Disillusioned by those prospects, I’d moved back home to Franklin, where the median income was less than two-thirds that of the national average and my best guess on the median vocabulary looked even less promising.
A jewel glittering among small-town clods of red clay, Brandon was a newly minted pharmacist with a future in the family business. He read books and spoke in complete sentences. We’d been together since the month I’d come home from college, and—poor gift-giving skills aside—he was a very nice guy. And he truly loved me.
The only part of me that had been relieved to find such a morally ambiguous birthday present on my nightstand was the part that had half expected an engagement ring.
I wanted to be more than a small-town bank teller married to a small-town pharmacist. But I had no idea what “more” might look like, and the certainty that I’d know it when I saw it had faded with each day spent in Franklin. All I ever saw was Brandon, and all he seemed to want to see was me.
And a traveling zoo full of bizarre beasts.
The actual menagerie was behind a second gate at the end of the sawdust-strewn midway, a design no doubt intended to pull people past countless opportunities to spend money on their way to the main attraction—the only part of the carnival not offered on a yearly basis by the county fair.
Brandon and I caught up with Shelley and Rick at the menagerie gate, where another line had formed. I recognized several of the people in the crowd as account holders from the bank, but without my name tag—Hello, My Name is Delilah. Can I Interest You in a No-Fee Savings Plan?—they didn’t seem to recognize me. The family in front of us had three small children, each clamoring to touch the shifter kittens and phoenix chicks in the petting zoo. At the gate, the parents were reminded that certain areas of the exhibit, namely the succubus tent, would be off-limits to anyone under eighteen.
Rick snickered like an overgrown twelve-year-old and Shelley elbowed him.
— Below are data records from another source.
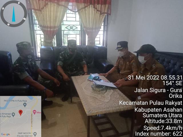 Asahan  |  Dalam rangka untuk menciptakan dan meningkatkan kerja sama yang baik dan menjaga silatuhrahmi  antara TNI-Polri dan Masyarakat serta untuk menciptakan kemanunggalan TNI dengan Rakyat, dalam hal ini seperti yang dilaksanakan oleh Personel Bintara Pembina Desa (Babinsa) Koramil 16/Pulau Rakyat jajaran Kodim 0208/Asahan Sertu M Mahdian dan 1 orang anggota Babinsa turun kewilayah biunaan untuk melaksanakan kegiatan Komunikasi Sosial (Komsos) bersama dengan Bapak Kepala Desa Desa Orika dan Kepala Desa Sei Piring dalam rangka untuk membahas keamanan Desa dan perkembangan menjelang akan di laksanakan Pil Kades bersama dengan Bapak Rusli (Kades Orika) dan Bapak Sabaruddin (Kades Sei Piring), kegiatan tersebut yang dilaksanakan bertempat di Kantor Desa Orika Dusun 1 Desa  Orika Kecamatan Pulau Rakyat Kabupaten Asahan, Selasa (31/05/2022).
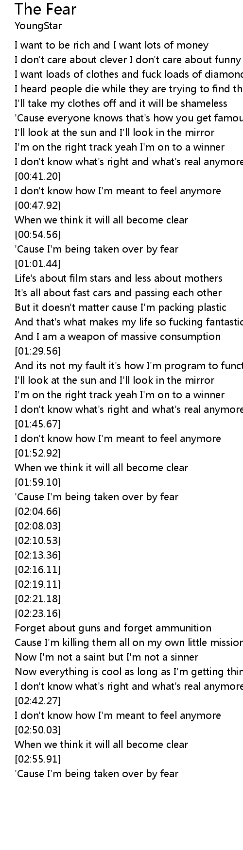 'Cause I'm being taken over by fear |
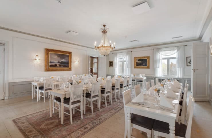 - Koko kartano: Istuen 140 henkilöä, cocktail-tilaisuudessa jopa 200 henkilöä.
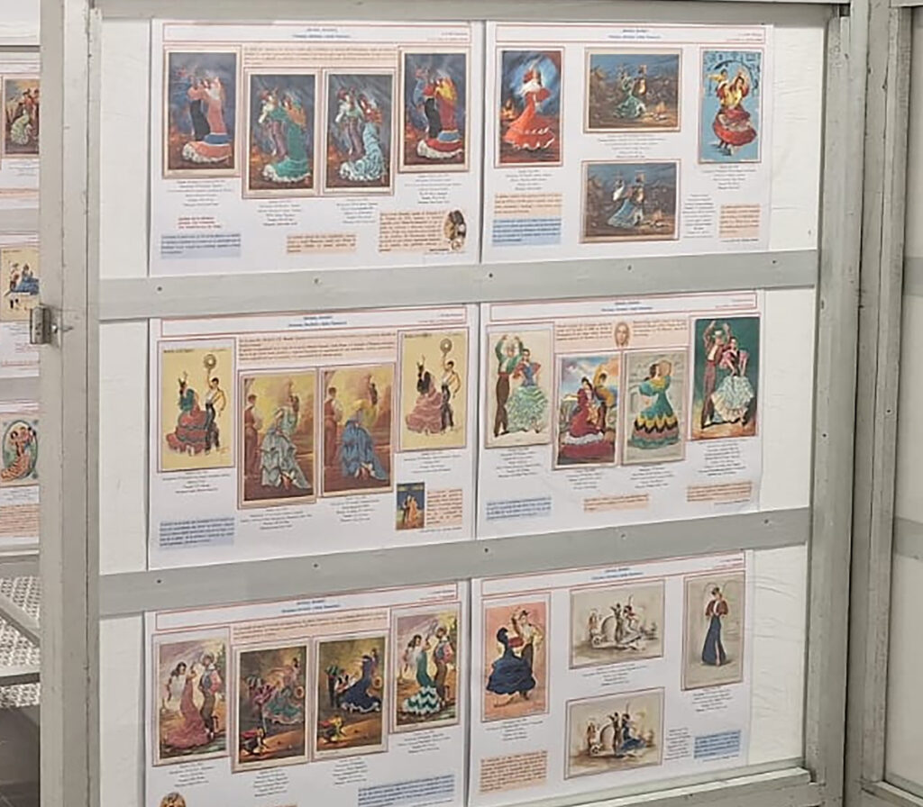 La muestra reúne más de 230 postales que reproducen imágenes del flamenco y proporciona información sobre los ilustradores, editores y bordadoras involucrados en estas piezas únicas.
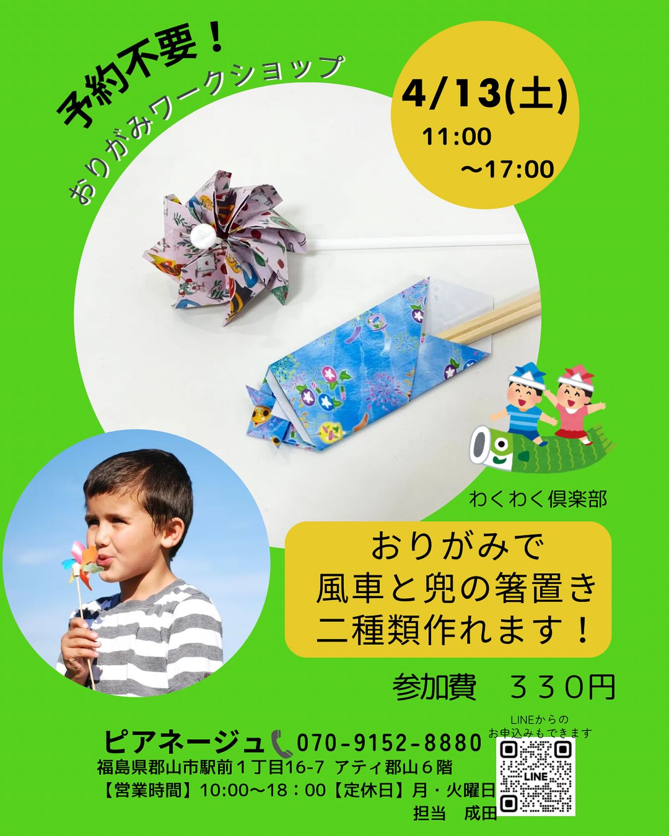 【ワークショップ情報】 おりがみワークショップ 4/13(土)11:00~17:00 参加費 330円 『風車』と『兜の箸袋』の2種類を 折って頂く事が出来ます 子供の日の飾り用にもいかがでしょうか? 予約不要ですので 直接売場にお越しください 〒963-8002 福島県郡山市駅前1丁目16-7 ATi郡山6階 Pianeigeピアネージュ 営業時間10~18時(月火は定休日) 予約電話 070-9152-8880
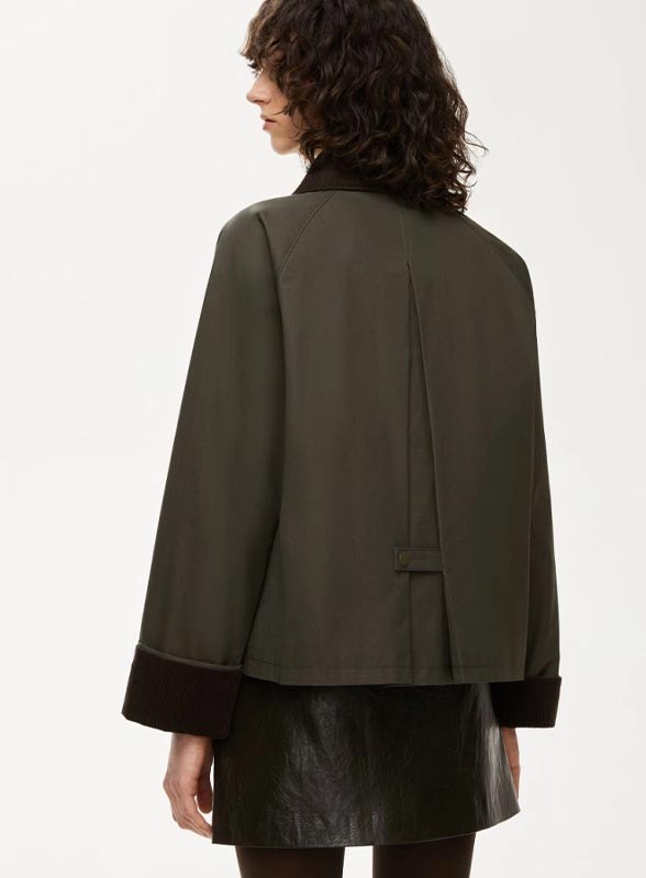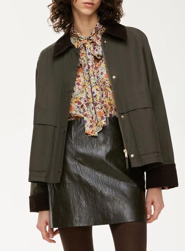 Giacca firmata IBLUES, in cotone cerato con collo e polsi in velluto a costine. Stile regolare, perfetta per il tempo libero.
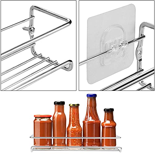 Scaffali a Muro in Metallo per Dispensa, 2 Pezzi Portaspezie da Appendere Set, Ripiani Appesi per Spezie, Organizzatori di Spezie da Parete, con Vite, per Cucina, Bagno, Balcone (Argento)
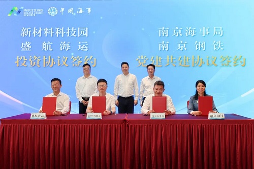 現場,南京江北新區與南京海事局簽訂合作協議,雙方將在江北新區港口能級提升、多式聯運主樞紐建設、臨港產業集群發展、現代航運產業集聚區建設等方面深化戰略合作,加快江北新區建設步伐,促進中國(江蘇)自由貿易試驗區南京片區開放發展。南京海事局與南京鋼鐵股份有限公司簽訂黨建共建協議,南京江北新區新材料科技園與南京盛航海運有限公司簽訂投資協議。

I thanked the universe for my mature, stable, predictable boyfriend, then realized that I’d just found three different ways to call Brandon boring.
When we got to the front of the line, an elderly man in a red sequined vest and a black top hat took one look at Shelley, then bowed low and pulled a bouquet of real daisies from his sleeve. He presented them to her with a flourish from one knee, heedless of his cracking joints.
Delighted, Shelley returned his bow with a curtsy, spreading the hem of an imaginary skirt, and even I couldn’t resist a smile. Then she and Rick helped the poor old man to his feet.